Papillon - Die Wiederkehr eines Leidenserlebnisses zwischen Mythos und materialistischer Wirklichkeit
Einleitung
Papillon kehrt als filmische Neuauflage zu einem Klassiker zurück, der in der kollektiven Vorstellung als Ikone von Freiheitssehnsucht und Gefängnisrealismus verankert ist. Die 2018er-Version tritt nicht nur in die Fußstapfen des legendären Films aus den 1970er Jahren, sondern verhandelt zugleich die Frage, wie sich historische Erzählungen von Strafe, Schuld und Überleben in unserer Gegenwart lesen lassen. Die Relevanz des Films liegt weniger in der bloßen Wiederholung einer bekannten Erzählung als in der Möglichkeit, dieselbe Biografie erneut auf ihre zeitgenössischen Resonanzen zu befragen.
Regisseur Michael Noer, der sich in früheren Arbeiten einen Ruf für eine nüchterne, körperlich verortete Bildsprache erworben hat, bringt diese Handschrift in die Auseinandersetzung mit einem Stoff ein, der zwischen Mythenbildung und dokumentarischem Zeugnis oszilliert. Insofern ist Papillon weniger ein nostalgisches Remake als ein Versuch, die mythologische Dimension des Charrière-Mythos mit einer modernen, strengen Ästhetik zu koppeln.

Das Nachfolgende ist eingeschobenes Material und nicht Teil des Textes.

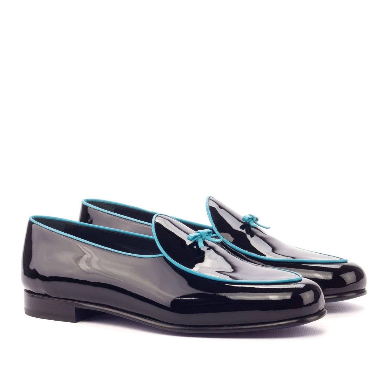 - Ambrogio 3115 Handmade Custom Men's Shoes Black Patent Leather Belgian Loafers (AMB1770)

Der Film trifft auf einen Zeitgeist, in dem Fragen nach staatlicher Gewalt, Erinnerung und der Auslagerung von Strafe in koloniale Räume wieder ganz oben auf der öffentlichen Agenda stehen. Dass die Geschichte eines verurteilten Mannes, der gegen ein übermächtiges Justiz- und Strafvollzugssystem ankämpft, heute anders gelesen wird als vor vierzig Jahren, macht Papillon zu einem kulturellen Beobachtungsfeld für Debatten über Würde, Institutionenkritik und die Ästhetik des Leidens.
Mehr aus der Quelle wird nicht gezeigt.